Mandel worked his theme that Brown is a career politician by calling his answers Washington speak – or some variation on that phrase – while Brown shot back that the first term treasurer was avoiding answering questions at all. But the most pointed exchange came in a question to Mandel about his experience to be a Senator, given that he’s held several elected offices for only short periods of time. Mandel said Brown had the wrong kind of experience, and Brown then noted Mandel had missed a year’s worth of monthly meetings as treasurer while also attending fundraising. 

“It’s just the work ethic and doing things with honor and integrity. Josh Mandel as an elected official has fallen fall short on the honesty and integrity quotient.” 

Mandel fired back.

“Well, Senator, I take personal offense to that. And you’re dead wrong. It’s why the Cleveland Plain Dealer called your attacks on me false, deceiving, dishonest, incorrect, quote unquote “lie of the year”. Senator, you are a liar.”

Brown blasted back. 

“What he’s citing out of the Plain Dealer is not quite right but Josh Mandel, as we know, has trouble telling the truth.”

Politifact said the claim by Democrats, including Brown, that Republicans had voted to end Medicare in Rep. Paul Ryan’s budget was last year’s Lie of the Year. But Politifact has also given the “pants on fire” rating to Mandel six times. The candidates watched their answer times much more closely than in their first debate, and the audience was on different behavior than the sell-out crowd of 13-hundred at the City Club of Cleveland on Monday. They were mostly quiet, except when Brown did run over one of his answer and was chided by the moderator, WBNS-TV’s Jerry Revish. 

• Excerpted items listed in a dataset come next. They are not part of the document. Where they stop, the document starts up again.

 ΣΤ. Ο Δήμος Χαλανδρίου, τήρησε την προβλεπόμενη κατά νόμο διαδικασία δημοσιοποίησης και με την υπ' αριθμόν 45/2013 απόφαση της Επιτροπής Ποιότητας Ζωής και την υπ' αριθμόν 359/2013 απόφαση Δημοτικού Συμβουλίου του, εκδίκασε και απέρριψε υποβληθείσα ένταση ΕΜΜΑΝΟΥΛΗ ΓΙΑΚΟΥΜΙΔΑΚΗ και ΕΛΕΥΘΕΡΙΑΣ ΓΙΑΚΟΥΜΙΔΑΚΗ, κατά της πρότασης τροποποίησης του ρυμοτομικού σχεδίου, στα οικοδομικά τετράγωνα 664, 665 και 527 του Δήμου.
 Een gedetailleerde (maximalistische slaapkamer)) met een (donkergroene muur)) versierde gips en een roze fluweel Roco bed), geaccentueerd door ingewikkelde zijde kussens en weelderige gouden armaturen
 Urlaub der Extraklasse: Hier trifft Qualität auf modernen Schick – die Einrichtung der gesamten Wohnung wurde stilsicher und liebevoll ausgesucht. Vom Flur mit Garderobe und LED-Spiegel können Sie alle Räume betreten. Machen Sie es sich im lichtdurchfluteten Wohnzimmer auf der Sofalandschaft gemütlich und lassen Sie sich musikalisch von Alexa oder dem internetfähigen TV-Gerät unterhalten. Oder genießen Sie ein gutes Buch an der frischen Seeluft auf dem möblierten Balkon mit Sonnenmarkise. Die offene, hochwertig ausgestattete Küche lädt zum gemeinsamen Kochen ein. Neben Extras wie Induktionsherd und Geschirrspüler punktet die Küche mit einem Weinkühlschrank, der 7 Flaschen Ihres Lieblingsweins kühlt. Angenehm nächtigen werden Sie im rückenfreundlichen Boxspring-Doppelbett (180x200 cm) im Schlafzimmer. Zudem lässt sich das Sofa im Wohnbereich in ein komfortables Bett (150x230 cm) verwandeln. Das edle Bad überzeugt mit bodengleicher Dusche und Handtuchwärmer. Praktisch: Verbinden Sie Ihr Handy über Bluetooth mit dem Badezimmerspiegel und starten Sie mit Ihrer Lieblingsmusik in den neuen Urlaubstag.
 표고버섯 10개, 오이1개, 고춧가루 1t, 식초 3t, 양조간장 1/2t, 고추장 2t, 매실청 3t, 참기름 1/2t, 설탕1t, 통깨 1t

On another subject, Brown said he supports the repeal of both the military’s Don’t Ask Don’t Tell policy and the state’s marriage defining amendment, while Mandel said he supports both but also will do everything to represent all Ohioans – in his words, regardless of their background. The candidates meet for one more debate, again before a small private audience in Cincinnati next Thursday.